Exercise instructions: Every line below should come back exactly as written, though the pictures stay out.

Collected material:
************
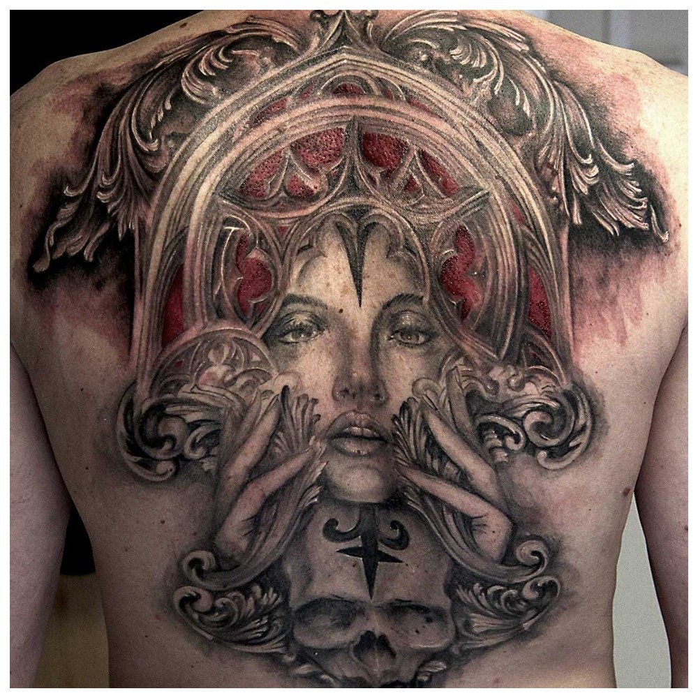 Le style gothique est connu depuis longtemps, il était particulièrement courant en 2006-2007. Cependant, la mode pour les tatouages gothiques a survécu à ce jour. Le style de tatouage gothique est une combinaison de couleurs sombres (noir, gris foncé, violet et rouge) et d'images sombres. Parmi les images les plus populaires de la technique "gothique" figurent:
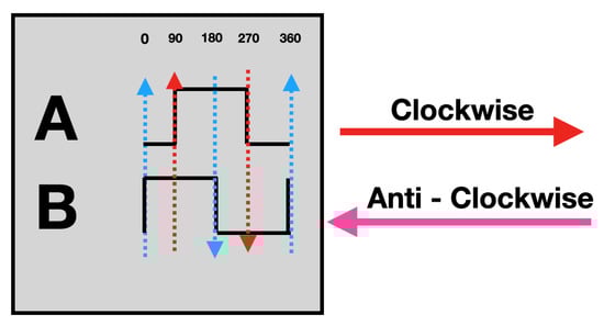 A sensor is required to determine the angular speed of the shaft. Therefore, an incremental rotary-type encoder indicates the motor shaft position, speed, and direction. The incremental encoder uses electrical pulse signals, channel A and channel B, to convert the rotation angle. The pulses of channels A and B depend on each other when the Arduino encoder rotates clockwise or counterclockwise, which is 90 degrees out of phase, as shown in Figure 9.
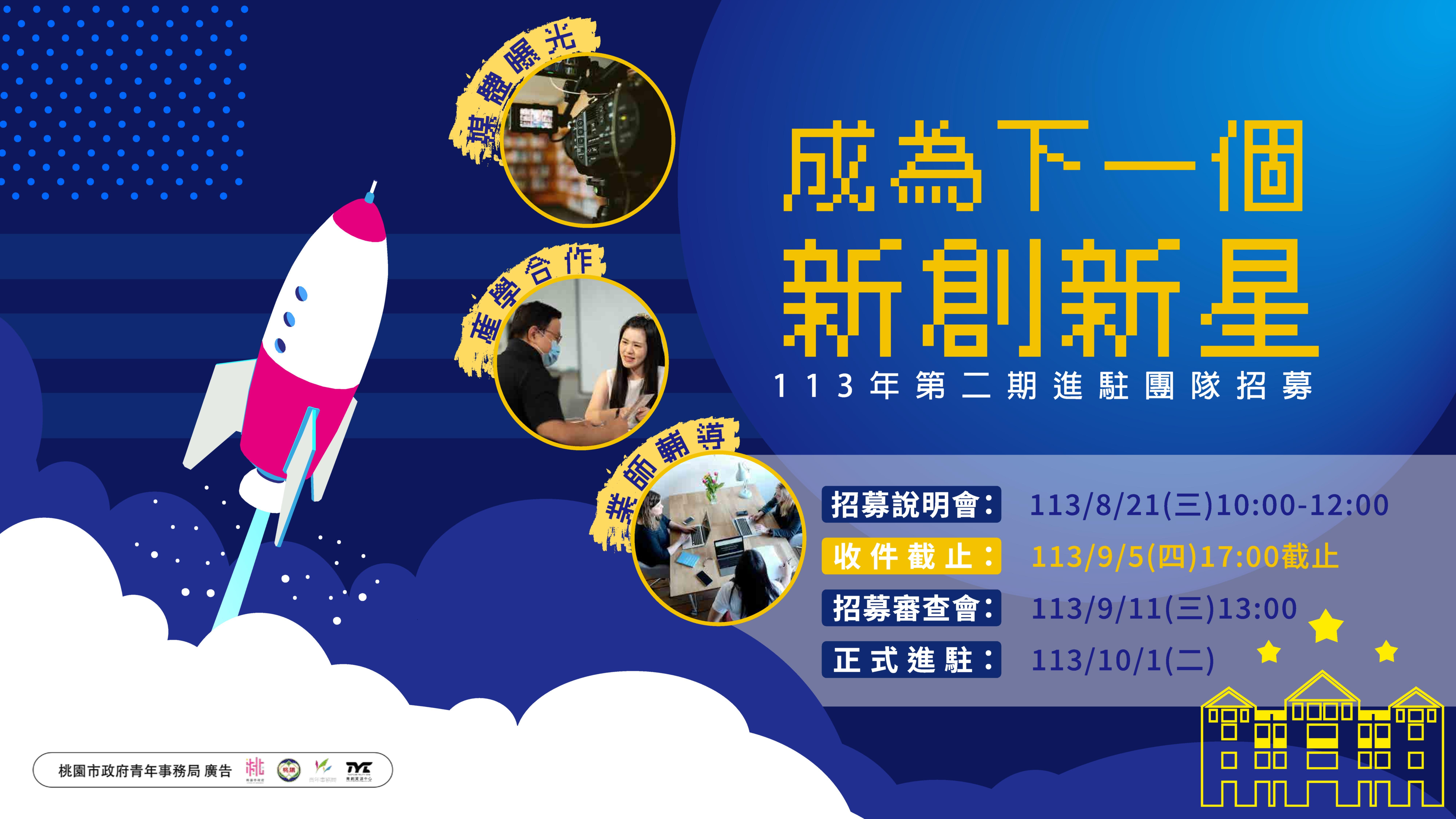 【團隊招募】桃園市政府青年事務局「桃園青創基地113年第2期進駐團隊招募」
************
Reply to the exercise:
 Le style gothique est connu depuis longtemps, il était particulièrement courant en 2006-2007. Cependant, la mode pour les tatouages gothiques a survécu à ce jour. Le style de tatouage gothique est une combinaison de couleurs sombres (noir, gris foncé, violet et rouge) et d'images sombres. Parmi les images les plus populaires de la technique "gothique" figurent:
 A sensor is required to determine the angular speed of the shaft. Therefore, an incremental rotary-type encoder indicates the motor shaft position, speed, and direction. The incremental encoder uses electrical pulse signals, channel A and channel B, to convert the rotation angle. The pulses of channels A and B depend on each other when the Arduino encoder rotates clockwise or counterclockwise, which is 90 degrees out of phase, as shown in Figure 9.
 【團隊招募】桃園市政府青年事務局「桃園青創基地113年第2期進駐團隊招募」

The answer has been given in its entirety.